【論風】難航する「もんじゅ」見直し 新「再処理機構」で運営を (1/3ページ)

2016.6.23 05:00

 □社会保障経済研究所代表・石川和男

 原子力発電所から出た使用済燃料からウランとプルトニウムを抽出する「再処理」事業の枠組みを改正する法律が先月成立した。認可法人「使用済燃料再処理機構」を新設し、この新機構が日本原燃(青森県六ケ所村)に業務を委託。国の関与を強め、再処理事業を安定継続させるのが目的。国は、再処理によるプルトニウム・ウラン混合酸化物(MOX)燃料を再利用する核燃料サイクルを推進。六ケ所村の再処理工場はその中核施設だ。

 ◆周囲に翻弄

 だが、この六ケ所再処理工場は過去のトラブルと、現在の原子力規制委員会の新規制基準の“過剰・異常な”運用もあって竣工(しゅんこう)時期は不透明なまま。マスコミは、高速増殖炉原型炉「もんじゅ」(福井県敦賀市)の運営にも先が見通せない中、国は枠組み変更で核燃料サイクル政策の延命に一手を講じた形だ、との論調で統一されているかのようだ。

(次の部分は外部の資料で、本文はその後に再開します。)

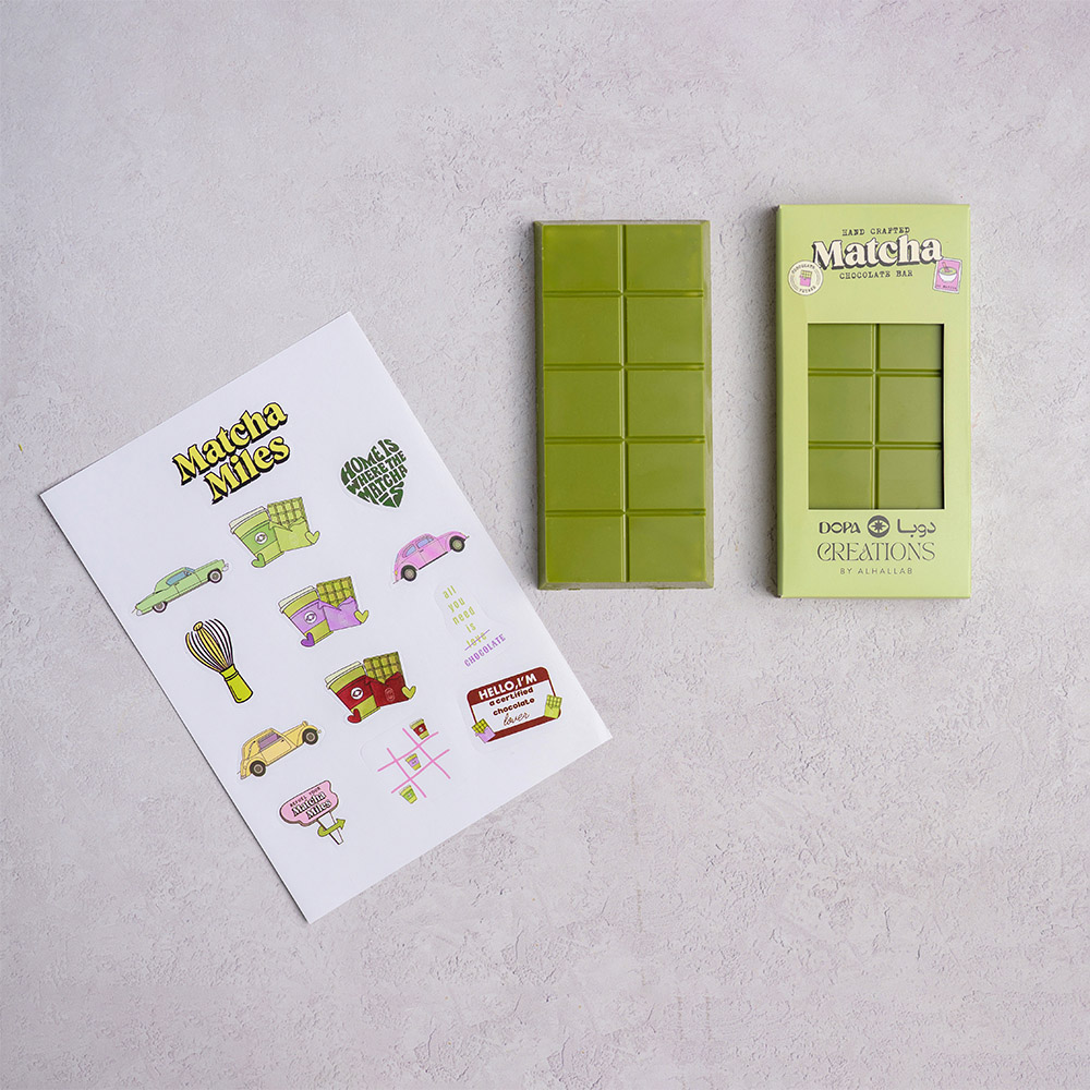 A white matcha chocolate with a crispy matcha filling. Each bar comes with an exclusive set of customized stickers.

 昨年11月に規制委はもんじゅ運営をめぐり保守管理上のミスが続く日本原子力研究開発機構(JAEA)を「能力不足だ」とし、別の運営主体を探すよう文部科学省に勧告。これに対し同省は先月27日、規制委が求めた具体的な運営主体の特定を先送りすることを決定。これを受け馳浩文科相は「費用対効果も検討しながら新運営主体を一日も早く特定したい」と語った。